The type I Interferon system is a major player in antiviral defence against all kinds of viruses. Virus-infected cells release type I interferons (IFN-α/β), which warn the body of the intrusion. Secreted interferons cause susceptible cells to express powerful antiviral mechanisms to limit viral growth and spread. The interferon pathway could significantly reduce the levels of virus initially produced by an infected individual.

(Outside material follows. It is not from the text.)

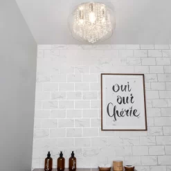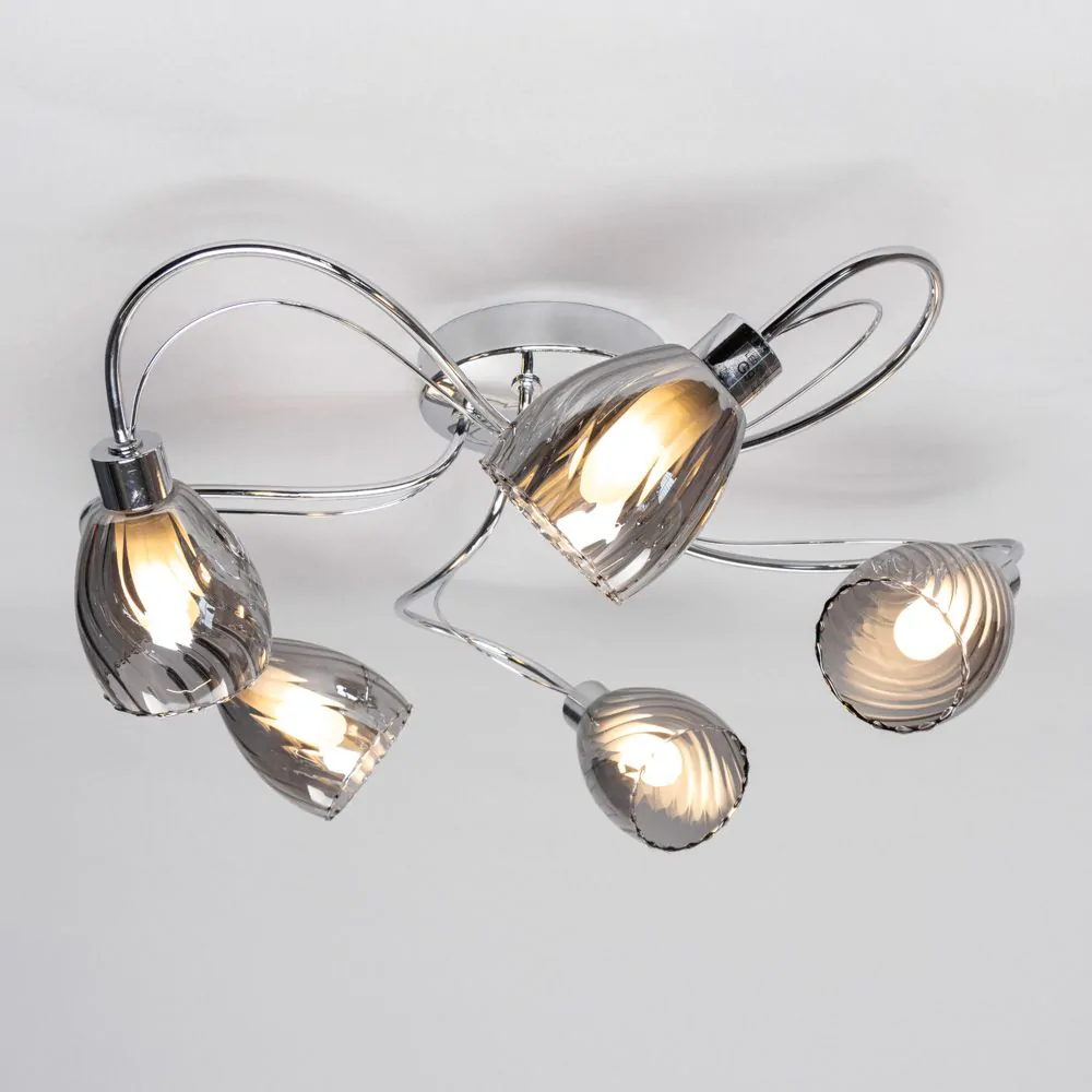 Sleek contemporary lighting designs for your décor wit the Arya Tangle Flush Bathroom Ceiling Light. This ceiling light is perfect for low ceilings due to the flush design and has a modern aesthetic due to the curved design, chrome finish, and textured smoke glass shades. It also is IP44 rated, ensuring that it is sufficiently water resistant to be styled as a bathroom light.

“They are clinically viable therapeutic agents that have been studied for viruses like HIV-1 for years,” explained Prof Santiago. “Here we looked at up to 17 different human interferons and found that some interferons, such as IFNalpha8, more strongly inhibited SARS-CoV-2. Importantly, later variants of the virus have developed significant resistance to their antiviral effects. For example, substantially more interferon would be needed to inhibit the omicron variant than the strains isolated during the earliest days of the pandemic.”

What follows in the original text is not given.